= Information provided =
★ ★ ★

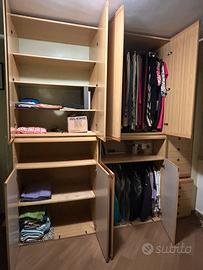 Armadio in legno color olmo composto da 4 moduli componibili a piacere.
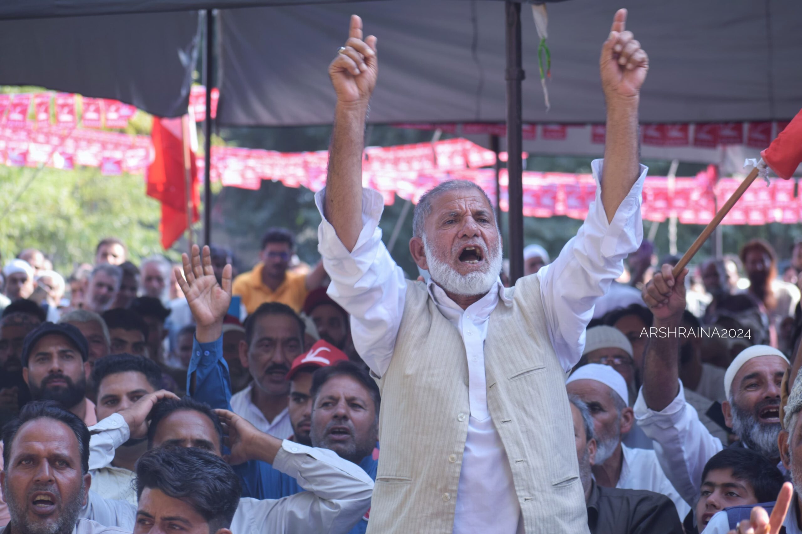 An elderly supporter of the National Conference chants slogans in favor of Omar Abdullah as he delivers a speech during an election campaign in Baramulla. Photo: Arsh Raina[/caption]
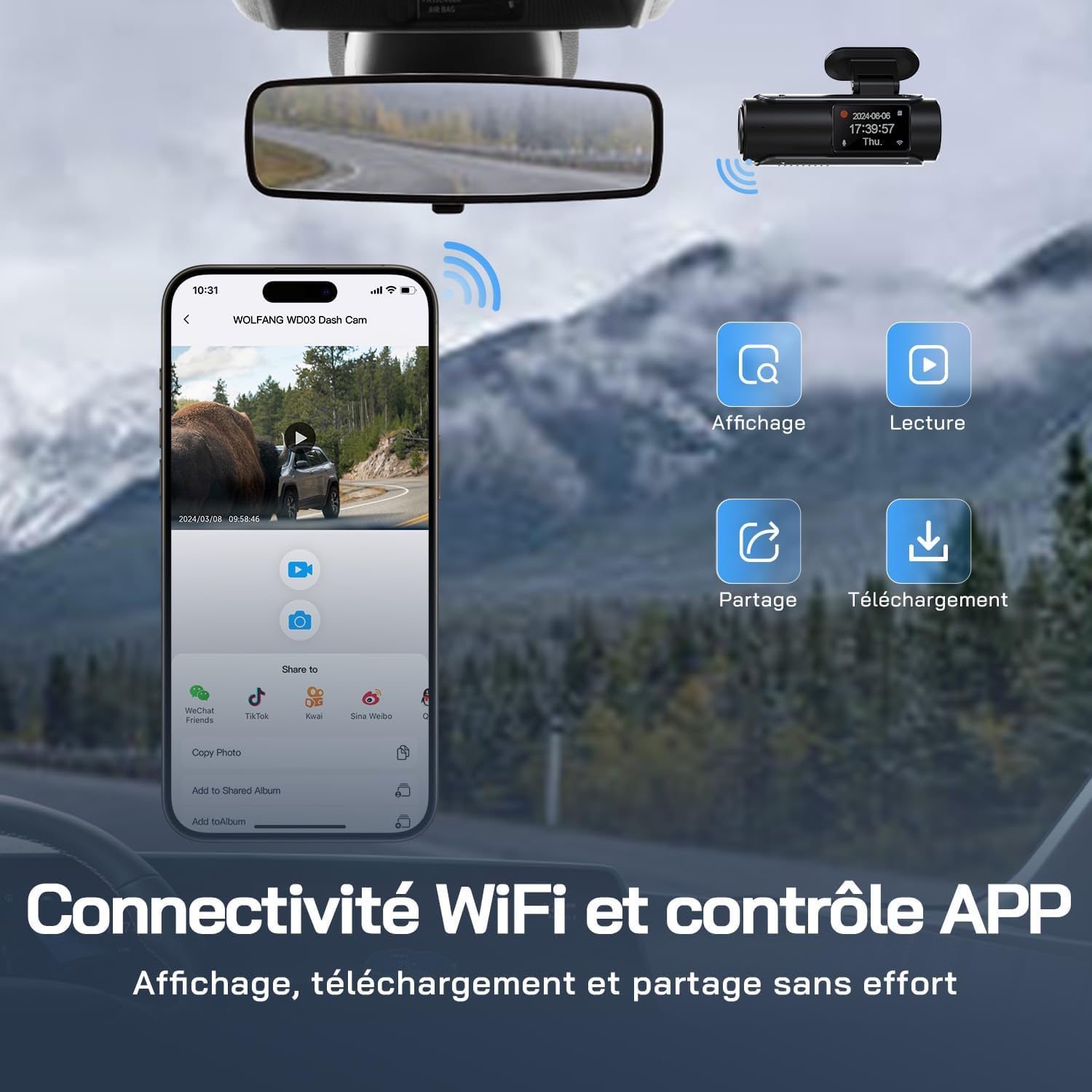 Le WD03 se connecte à votre smartphone via WiFi intégré (portée 3-5m). L'application dédiée permet de visualiser, gérer et partager vos vidéos directement depuis votre appareil iOS ou Android.

★ ★ ★

= What you need to do =
Give back the full listing word for word, with the pictures left out.

= Answer box =
 Armadio in legno color olmo composto da 4 moduli componibili a piacere.
 An elderly supporter of the National Conference chants slogans in favor of Omar Abdullah as he delivers a speech during an election campaign in Baramulla. Photo: Arsh Raina[/caption]
 Le WD03 se connecte à votre smartphone via WiFi intégré (portée 3-5m). L'application dédiée permet de visualiser, gérer et partager vos vidéos directement depuis votre appareil iOS ou Android.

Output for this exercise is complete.